#### Task directions
Your answer must consist only of the lines from the start of the entries through the line that holds "Trama hell-lehmfarben; 4", copied exactly, with no pictures.

#### Material provided
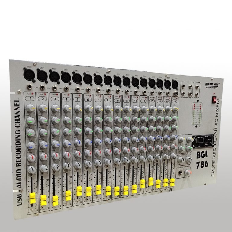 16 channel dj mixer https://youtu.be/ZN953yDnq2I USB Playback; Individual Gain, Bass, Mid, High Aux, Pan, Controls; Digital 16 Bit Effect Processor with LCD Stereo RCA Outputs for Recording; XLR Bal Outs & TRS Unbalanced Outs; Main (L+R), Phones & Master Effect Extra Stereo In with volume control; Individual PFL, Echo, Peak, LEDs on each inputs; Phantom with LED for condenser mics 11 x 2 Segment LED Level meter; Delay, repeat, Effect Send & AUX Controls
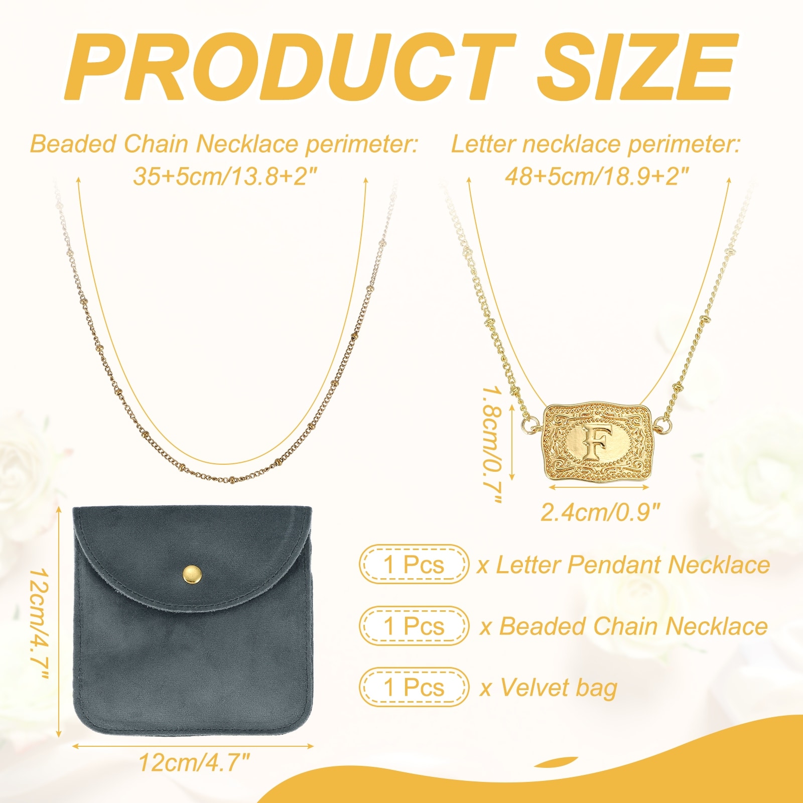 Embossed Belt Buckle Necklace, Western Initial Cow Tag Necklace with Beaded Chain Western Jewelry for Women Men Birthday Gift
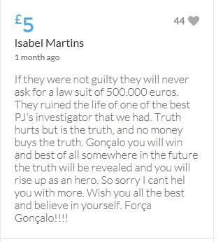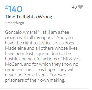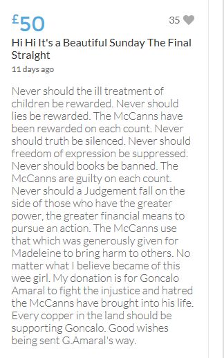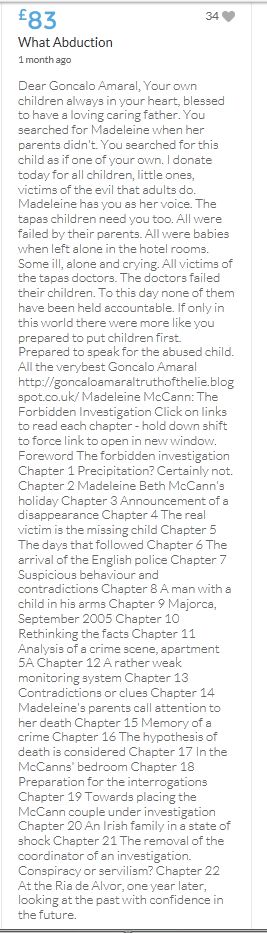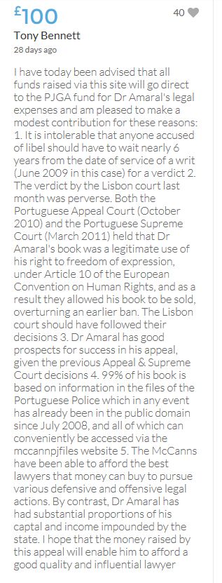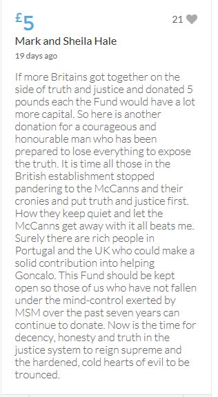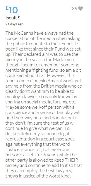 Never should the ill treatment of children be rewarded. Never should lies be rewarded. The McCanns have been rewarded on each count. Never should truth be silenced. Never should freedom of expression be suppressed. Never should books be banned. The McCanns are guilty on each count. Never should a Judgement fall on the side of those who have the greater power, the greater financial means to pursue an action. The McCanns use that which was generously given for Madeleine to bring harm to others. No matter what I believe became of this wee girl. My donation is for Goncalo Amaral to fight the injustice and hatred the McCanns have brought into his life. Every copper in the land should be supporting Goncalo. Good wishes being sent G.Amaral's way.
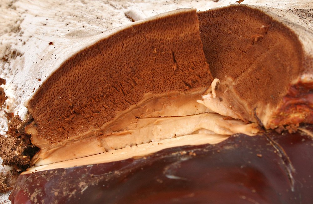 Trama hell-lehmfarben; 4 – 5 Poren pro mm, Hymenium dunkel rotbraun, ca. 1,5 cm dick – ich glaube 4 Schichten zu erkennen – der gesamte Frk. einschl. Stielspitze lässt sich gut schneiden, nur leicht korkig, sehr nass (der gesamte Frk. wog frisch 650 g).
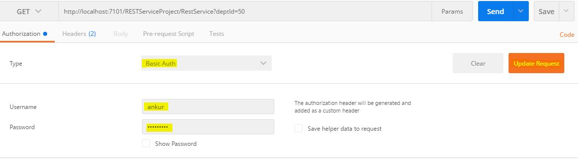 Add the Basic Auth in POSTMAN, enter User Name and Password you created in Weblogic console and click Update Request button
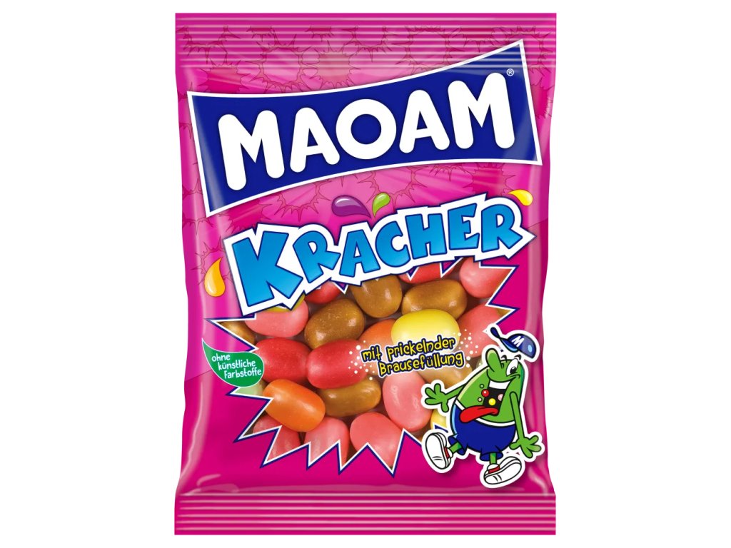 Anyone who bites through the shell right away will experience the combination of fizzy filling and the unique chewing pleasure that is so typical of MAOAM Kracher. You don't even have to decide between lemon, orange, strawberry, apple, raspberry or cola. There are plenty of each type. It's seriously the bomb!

#### Result for this exercise
 16 channel dj mixer https://youtu.be/ZN953yDnq2I USB Playback; Individual Gain, Bass, Mid, High Aux, Pan, Controls; Digital 16 Bit Effect Processor with LCD Stereo RCA Outputs for Recording; XLR Bal Outs & TRS Unbalanced Outs; Main (L+R), Phones & Master Effect Extra Stereo In with volume control; Individual PFL, Echo, Peak, LEDs on each inputs; Phantom with LED for condenser mics 11 x 2 Segment LED Level meter; Delay, repeat, Effect Send & AUX Controls
 Embossed Belt Buckle Necklace, Western Initial Cow Tag Necklace with Beaded Chain Western Jewelry for Women Men Birthday Gift
 Never should the ill treatment of children be rewarded. Never should lies be rewarded. The McCanns have been rewarded on each count. Never should truth be silenced. Never should freedom of expression be suppressed. Never should books be banned. The McCanns are guilty on each count. Never should a Judgement fall on the side of those who have the greater power, the greater financial means to pursue an action. The McCanns use that which was generously given for Madeleine to bring harm to others. No matter what I believe became of this wee girl. My donation is for Goncalo Amaral to fight the injustice and hatred the McCanns have brought into his life. Every copper in the land should be supporting Goncalo. Good wishes being sent G.Amaral's way.
 Trama hell-lehmfarben; 4 – 5 Poren pro mm, Hymenium dunkel rotbraun, ca. 1,5 cm dick – ich glaube 4 Schichten zu erkennen – der gesamte Frk. einschl. Stielspitze lässt sich gut schneiden, nur leicht korkig, sehr nass (der gesamte Frk. wog frisch 650 g).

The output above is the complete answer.